On September 20, 1963, John F. Kennedy addressed the United Nations and proposed the unthinkable-a joint U.S.-U.S.S.R. mission to go to the Moon. JFK and Khrushchev had managed to figure out how to avoid blowing up the world during the Cuban Missile Crisis. Why not forge ahead and explore the new world together?
"Those were anxious days for mankind," said Kennedy before the UN. "Today the clouds have lifted so that new rays of hope can break through."
A new spirit of optimism rose over Clear Lake. The Mercury and Gemini astronauts welcomed the idea of a joint mission with the cosmonauts. The thought of working hand in hand with the Russians made it a little easier for the wives to accept that NASA had just chosen a brand-new group of astronauts, "the Fourteen," to help crew the upcoming Gemini and Apollo missions. This meant another gang of gals would be moving in, ready to take their share of the Astro-goodies. Oh dear.
A few months later, the infinite possibilities, from the sublime to the ridiculous, fueled the excited chatter at an Astrowives luncheon in the home of Del Berry, the wife of Dr. Berry, the "astronauts' doctor." When the telephone rang, Del, who was Trudy's best friend, answered. She gasped in shock and began urgently pointing to the television. One of the wives ran over to turn it on. Hands flew to mouths and cries filled the room. They couldn't believe it. The president had been shot.
All of the Mercury wives had met Jack and Jackie. The First Couple hadn't yet blessed the New Nine, but they'd met Governor Connally and his wife, Nellie, who were riding in the convertible with the Kennedys in the motorcade in Dallas. The wives were frightened and horrified-Kennedy had just been in Houston the night before, following a visit with the astronauts at the Cape! As the shock sank in, they couldn't avoid thinking about their own situation. Would the country still be committed to going to the Moon now that the president was dead? That gamble had been Kennedy's big idea.
Later that day, many of the Mercury and Gemini families gathered at the boat slip in Timber Cove, rolling their barbecue grills from their backyards down the streets to the landing. Somehow it just didn't seem right staying at home. The Glenns would soon be off to Washington; they were the only astronaut couple that had been invited to the funeral.
Continuing full steam ahead on Kennedy's dream of going to the Moon by the end of the decade, President Johnson renamed Cape Canaveral as Cape Kennedy a week later. A month and a half after Kennedy's death, John Glenn resigned from NASA to run as a Democrat for the U.S. Senate in his home state of Ohio. Robert Kennedy had suggested he do so two years before, and JFK had felt that Glenn was too valuable an American to risk his hide riding on a rocket again. Running for office now seemed like the right thing to do. America needed leadership more than ever. John knew it would be hard on Annie, who wouldn't be able to hide from the spotlight. Part of him felt guilty about constantly putting her in the firing line, but Annie always said she'd be up for whatever he was, a hundred percent.

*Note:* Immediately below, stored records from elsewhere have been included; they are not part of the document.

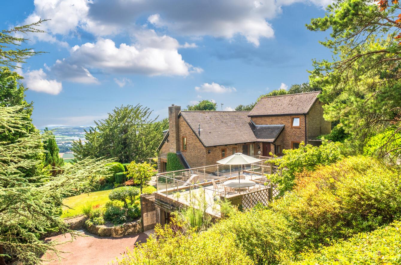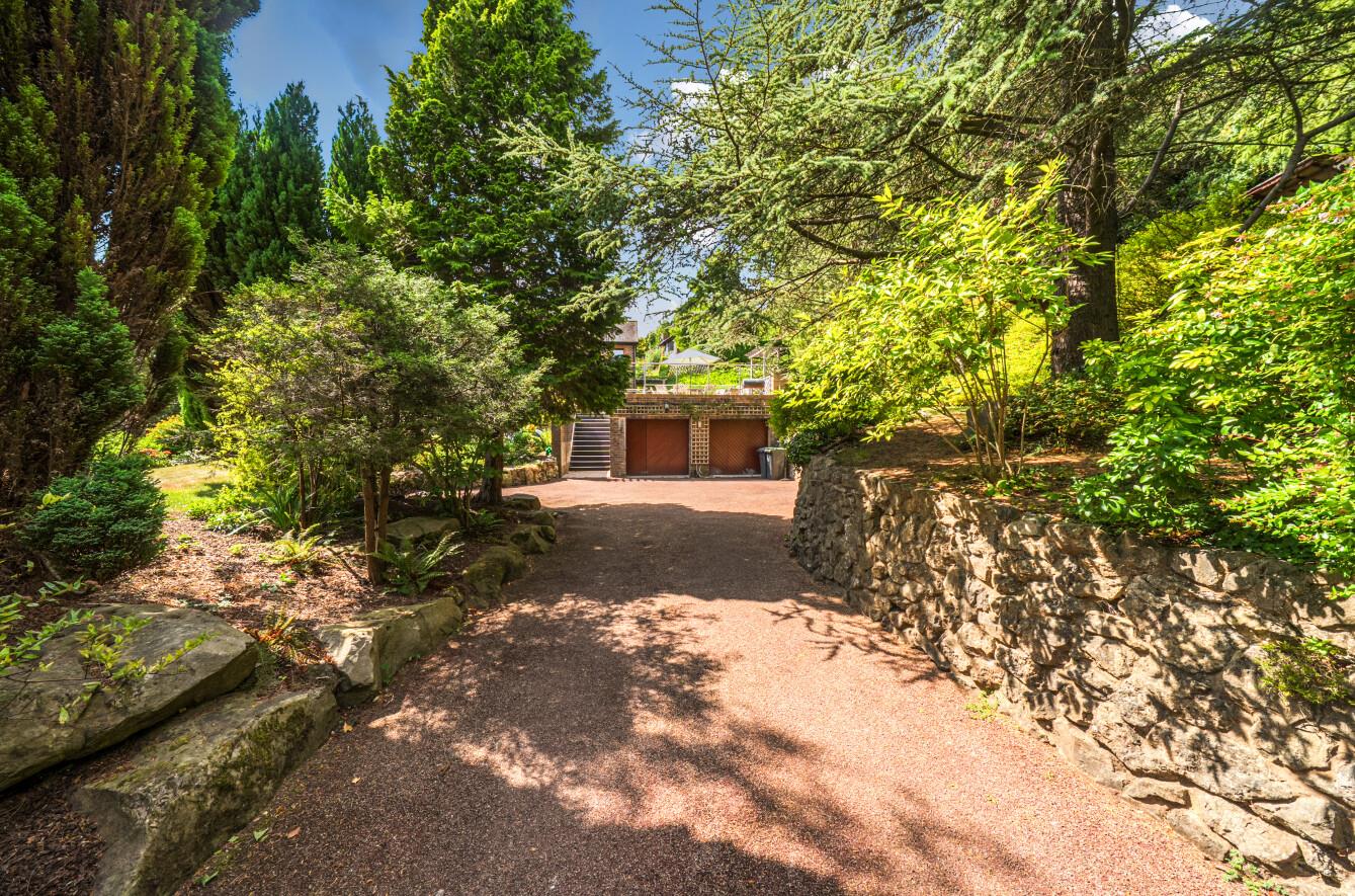 Externally, the property is approached via a private driveway with parking for several vehicles and access to the double garage. Above the garage is a flat roof terrace, offering one of the finest viewpoints on the plot, an ideal setting for evening drinks or even summer entertaining under the stars.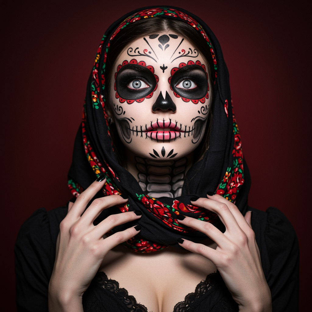View this AI-generated image featuring seductive portrait featuring a head scarf inspired by d a de los muertos with gothic elements portraying a cloned face with cross eyed features the imagery includes a long neck and extra fingers resulting in mutated hands the style is characterized by elements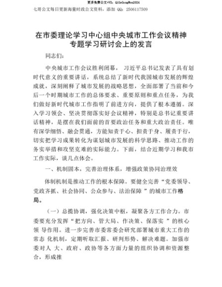【七哥公文】2025年:【七哥公文】在市委理论学习中心组中央城市工作会议精神专题学习研讨会上的发言+更多免费公文+VX:QiGeGongWen2024+更多免费公文+VX:QiGeGongWen2024
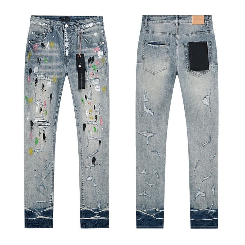 Top Quality Luxury Casual Designer Brand Jeans Hip Hop Stretch Ripped Denim Comfortable Streetwear Purple Black Men's Jeans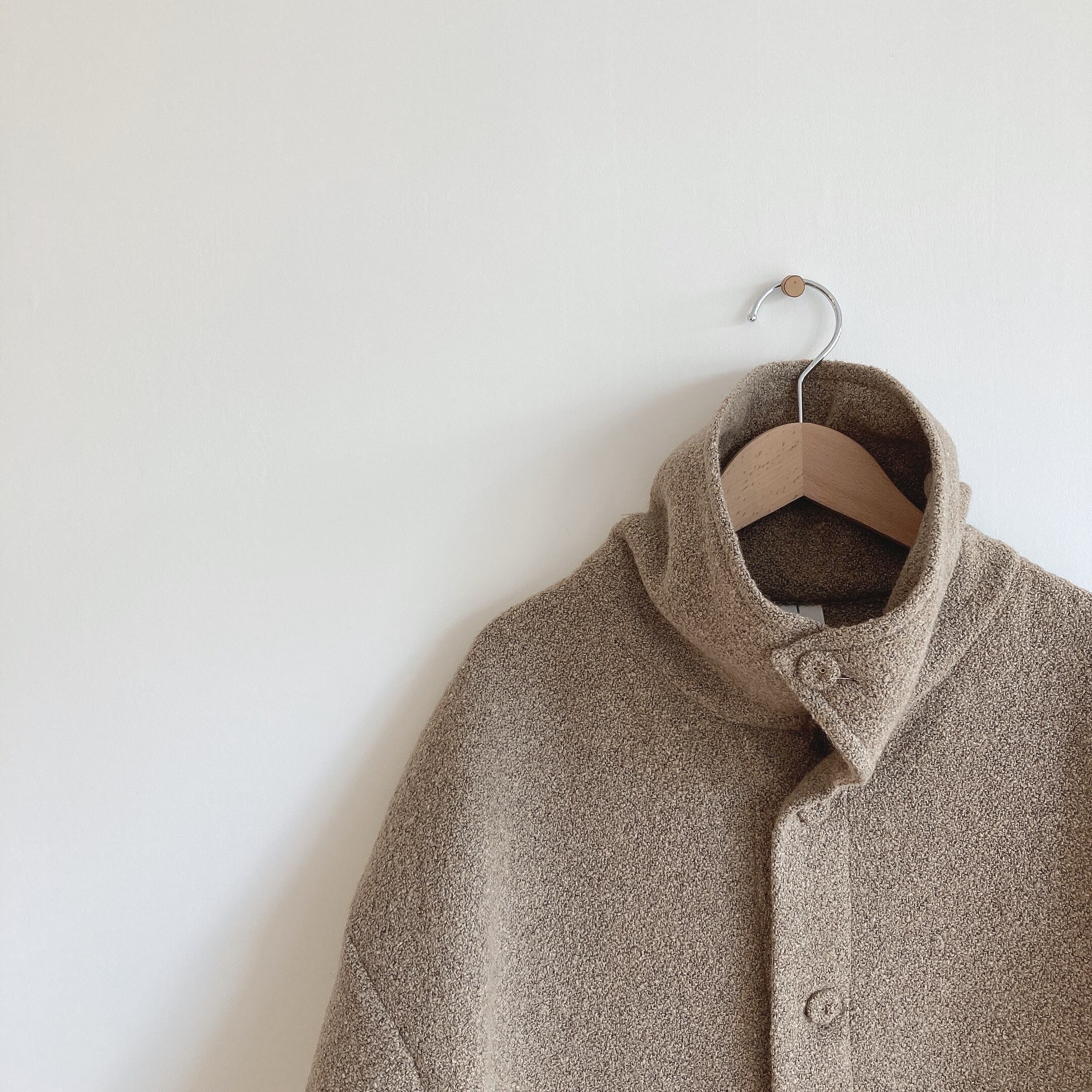 襟元は寝かせてもイイですが、釦を留めてスタンドで着るとまた雰囲気も変わりますよ!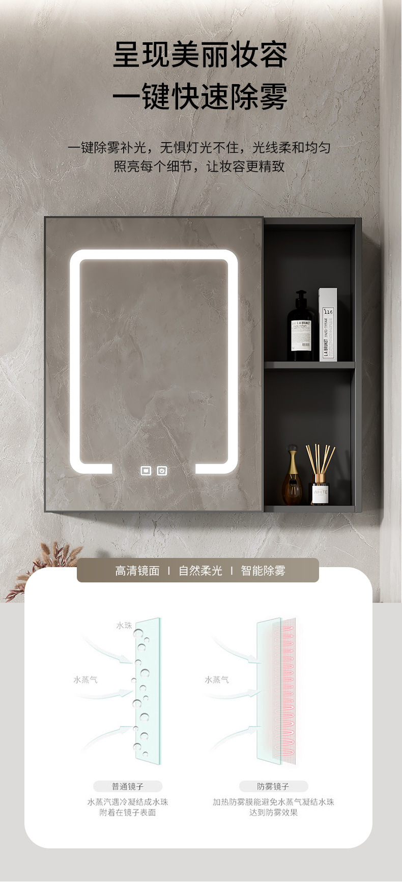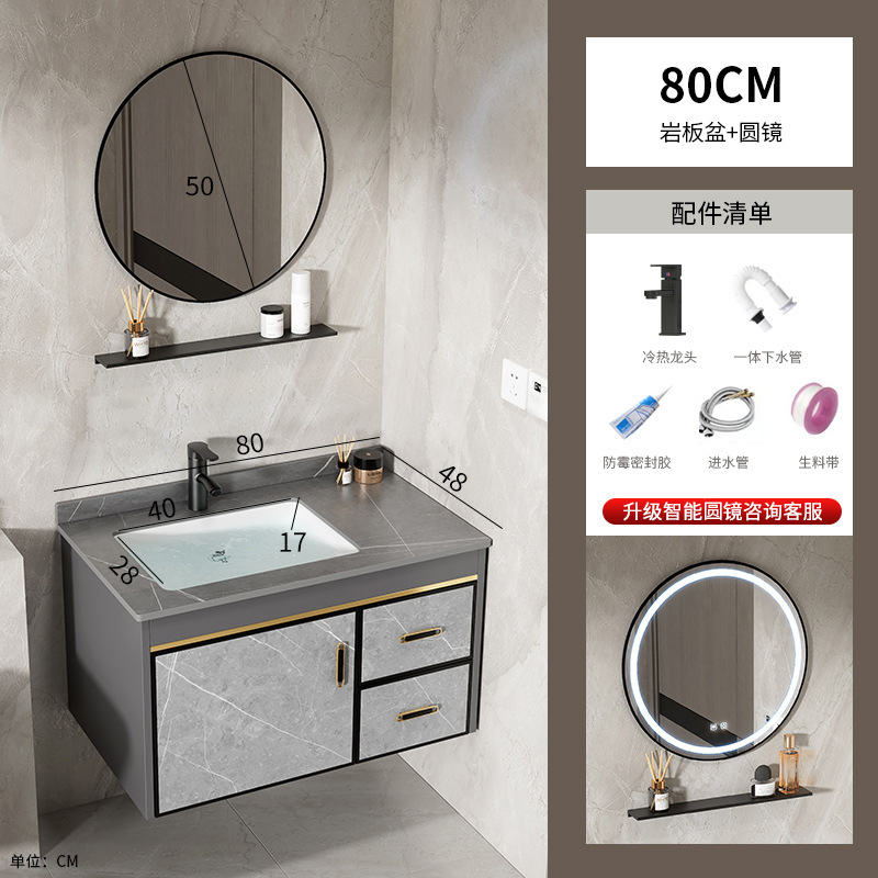80 stone plate basin + half sealed smart mirror cabinet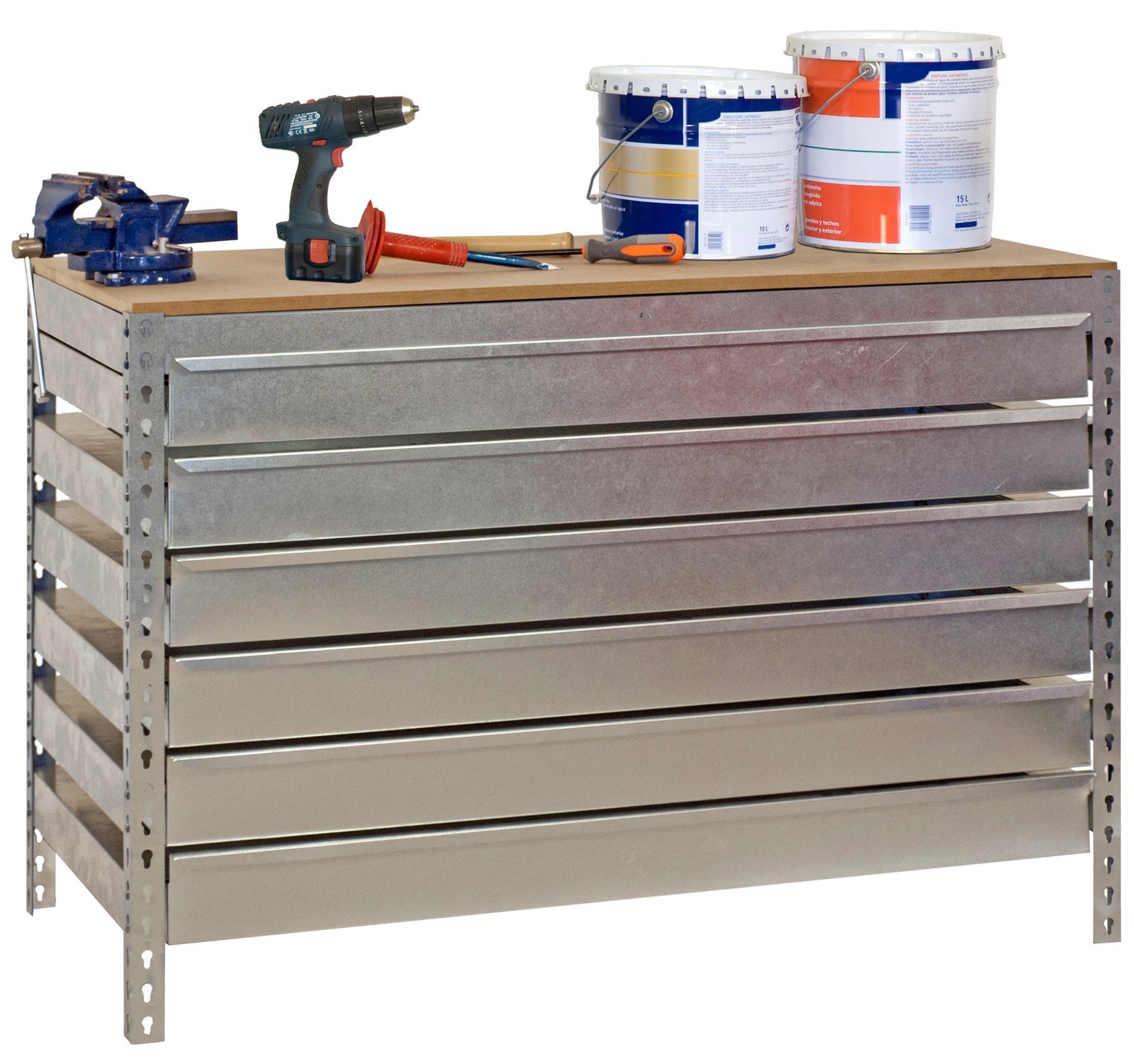 Banco de trabajo sin tornillos con bandeja de madera. Es de color GALVA/MADERA. Tiene 1 estante. Incluye multiples cajones con guias telescopicas. Las dimensiones de esta estanteria son, 842x910x610 mm. Y tiene una capacidad de carga de 600 kgs el estante principal. Los cajones aguantan hasta 35 kgs cada uno. Es fabricado en Europa por Simonrack y se monta rapido siguiendo las instrucciones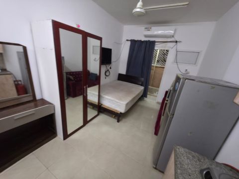استوديو طابق أرضي للإيجار السنوي بدون تصديق عقد شامل الفواتير بدون انترنت مع الفرش 23 ألف على 6 دفعات بلكونه اطلالة ممتازة ومساحة كبيرة ثاني صف من كورنيش عجمان بجوار دوار السفينة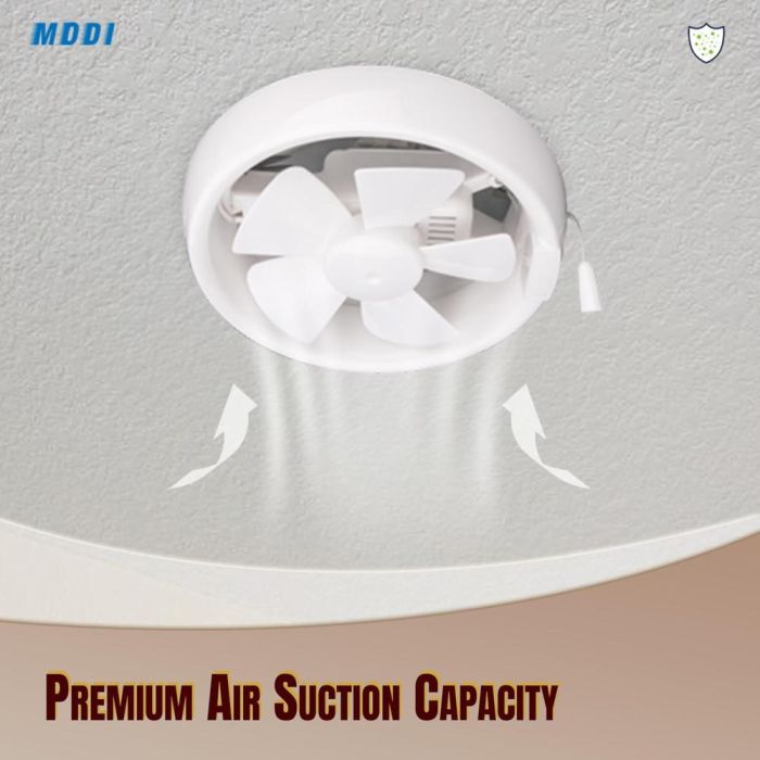 - يطرد بفعالية الهواء العادم، الرطوبة، البخار، والروائح الكريهة من الغرف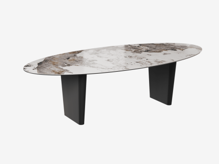 Découvrez la première table de repas ovale Akante, le modèle Goliath. Sa forme originale transformera vos repas en moments conviviaux facilitant la communication entre vos invités. Pensée par nos designers elle a la capacité d’accueillir entre 8 et 10 personnes. Son plateau est conçu en céramique Marbre Calcatta de 6 mm d’épaisseur collé sur un verre de 8 mm pour une meilleure adhésion à son piètement en acier laqué noir mat. La table de repas Goliath est généreuse, elle mesure 280 cm de longueur sur 130 cm de largeur et possède une hauteur de 76 cm.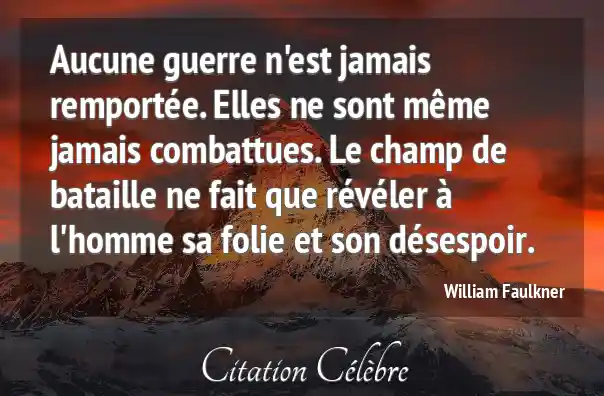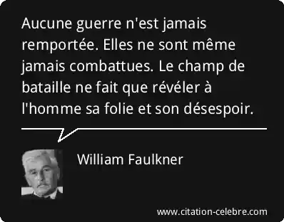 Aucune guerre n'est jamais remportée. Elles ne sont même jamais combattues. Le champ de bataille ne fait que révéler à l'homme sa folie et son désespoir.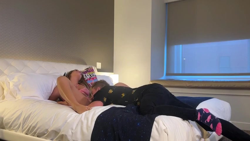 A hot and horny babe brings home a lucky guy to have a wonderful night of sex.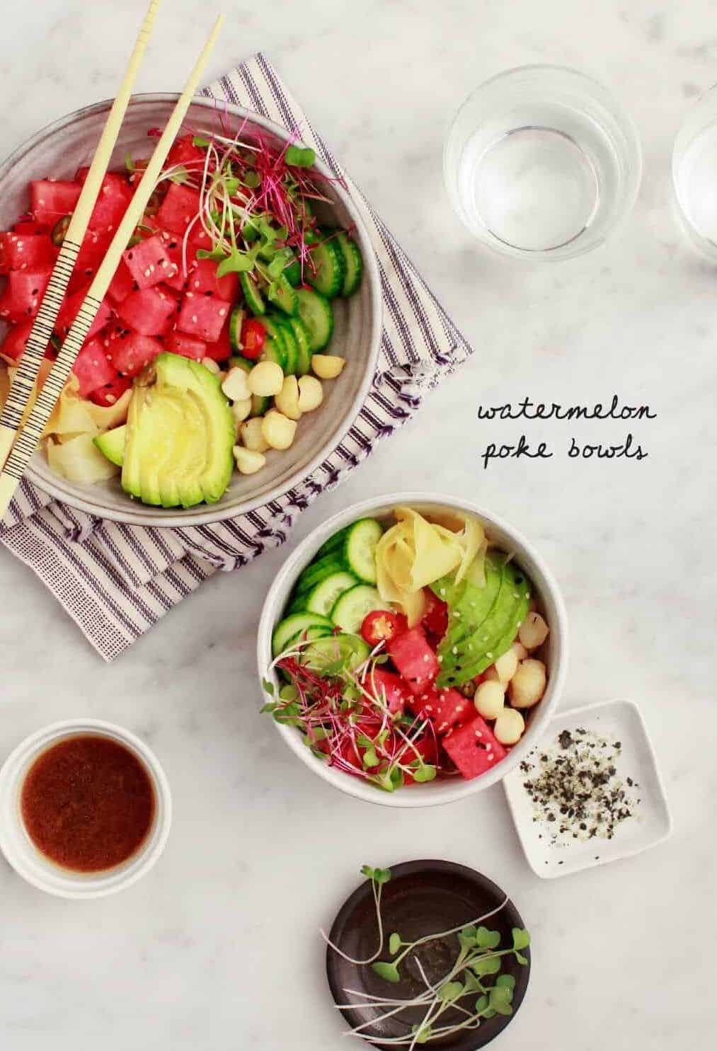 Originating in Hawaii, poke bowls are “deconstructed sushi” bowls that often consist of rice, raw fish, and toppings like green onions and sesame seeds. This creative poke bowl recipe uses watermelon for a sweet, refreshing take on fish.
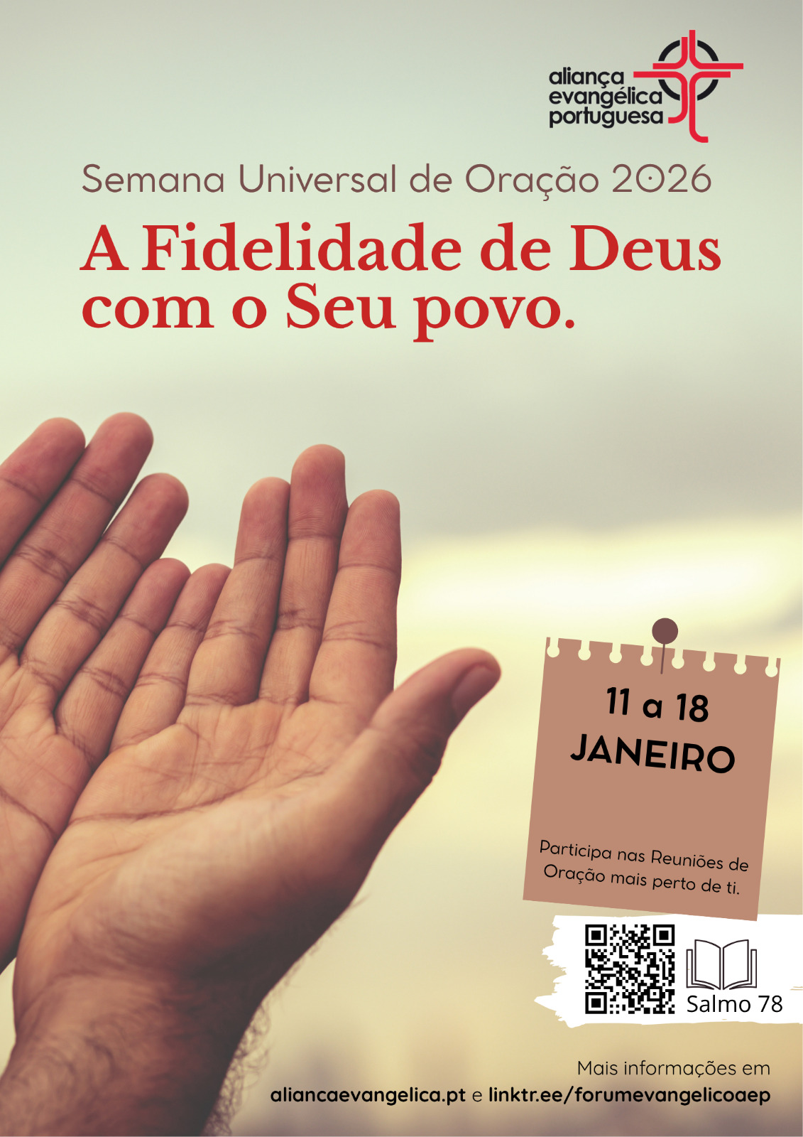 A Aliança Evangélica Portuguesa convida todos os irmãos, igrejas e comunidades a envolverem-se uma vez mais na Semana Universal de Oração, de 11 a 18 de Janeiro, este ano sobre...

Unfortunately, John slipped in the bathroom of his rented apartment in Columbus on a new throw rug Annie had laid down to soften the place. He hit his head on the bathtub and was laid up for weeks, leaving Rene to become the voice of his campaign. Rene had volunteered to help out on the stump, driving home John's message that politics didn't have to be a dirty enterprise, but could be as exciting and inspirational as sending a man into orbit.
In every town and city on the campaign trail, Annie would say to the crowds, "h.e.l.lo, I'm Annie Glenn." Then there would be a pause as she struggled to form her sentence. "You know I stutter," she'd continue. "So here's Rene."
The daily avalanche of mail was stacked in piles at the Glenns' in Timber Cove, where Annie would type replies.
"I thought it was wonderful for her to campaign for you while you were recovering," one woman wrote to the Glenns about Rene.
To this letter, John replied: "Rene's doing such a good job that she could probably run for office herself."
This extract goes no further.